When you’re in the moment, it’s really easy to miss the forest for the trees. June 29, a surprise performance at the 2015 BET Awards was Sean “Diddy” Combs’ Bad Boy Records 20-year reunion performance sent a reminder that despite the flash and controversy associated with the label, at its core was strong music.

The following day, Combs took to social media to announce that the performance was a springboard for something bigger, saying, “My girl @lilkimthequeenbee killed it last night #BadBoyFAMILYtour #Comingtoa

CityNearYou #WeLikeHavingFun.”

About a month later, Combs once more took it to Instagram with another announcement, this one regarding the progress of his next music project, tentatively titled “Money Makin Mitch.” He posted, “Ladies and gentlemen I’m pleased to announce that I am back behind the board! I got the hitman with me @chucklife365 @iammariowinans @hitmansteviej_1@itsseanc @lvizual DDOT , NASHIEM & the newest member of the hitman KANYE WEST #BREAKINGNEWS #Everything

isgoingtobealright #MMM.”

So to make it clear, the production clique of the Hitmen—Stevie J, Deric “D-Dot” Angelettie, Ron “Amen-Ra” Lawrence, LV, Sean C, Chucky Thompson, Mario Winans and Nashiem Myrick, with Kanye West thrown in for good measure—were onboard for the project. It was typical of how the company has done things, that is, with huge announcements.

Sometimes though, other major things are brewing. To find those, you have to look at the adages “Bad boys move in silence” and “Silence is golden (sometimes platinum).” Embodying that statement is perhaps the only other Hitman aside from Combs and West who has precious metal plaques as a producer and artist, and that’s Mario Winans.

If the last name looks familiar and you’re wondering, he is of “that Winans” gospel cloth, as his personality attests. “I love music, and I thank God for the opportunities I was given to share my talents with the world,” Winans says of his career.

When asked about the responsibilities that entails, he says, “First and foremost is to serve; us as children of God, we’re supposed to. Lead the best life I can and provide for my children so that they can also. Professionally, I need to put out great music that awakens, touches and make them feel good.”

For the multi-instrumentalist, his foray into the music business began after graduating high school, eventually working with gospel music artists Fred Hammond, the Clark Sisters and various members of the Winans family before moving into the secular realm.
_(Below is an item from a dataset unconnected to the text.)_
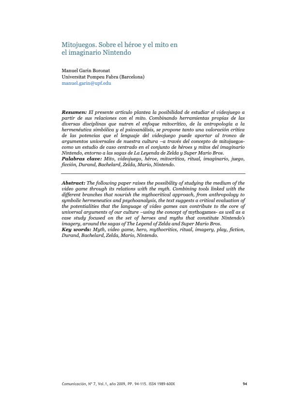 Mythogames. The Heroe and the Myth in Nintendo’s Imagery Article in Revista Comunicación, 2010 / in Spanish

In 1997, he signed with Motown and his slept-on debut, “Story of My Heart,” flew under the radar. Undeterred, production work was still available, leading to working with the Bad Boy roster and eventual entry into the Hitmen team of producers.

“The role we all had was to hit a home run every time we stepped to the plate, but I was probably more so a finisher if a song needed a bridge, hook, chords or extra music to bring the song to life. That’s how I saw myself, but we were all capable of that. That was a special time and made for some great music,” said Winans.

The public’s perception was probably that because he didn’t get to produce a B.I.G. record, he didn’t produce a BIG record while at Bad Boy. “Emotional” by Carl Thomas, 112’s “Peaches and Cream” and Puff’s “I Need a Girl” parts 1 and 2 and “Last Night” quickly come to mind, but it was one of his own records that established him in Bad Boy lore. Released originally on a Bad Boy compilation, “I Don’t Wanna Know” hit the ground running and created a public demand for his second album and his first for Bad Boy’s 2004 “Hurt No More.”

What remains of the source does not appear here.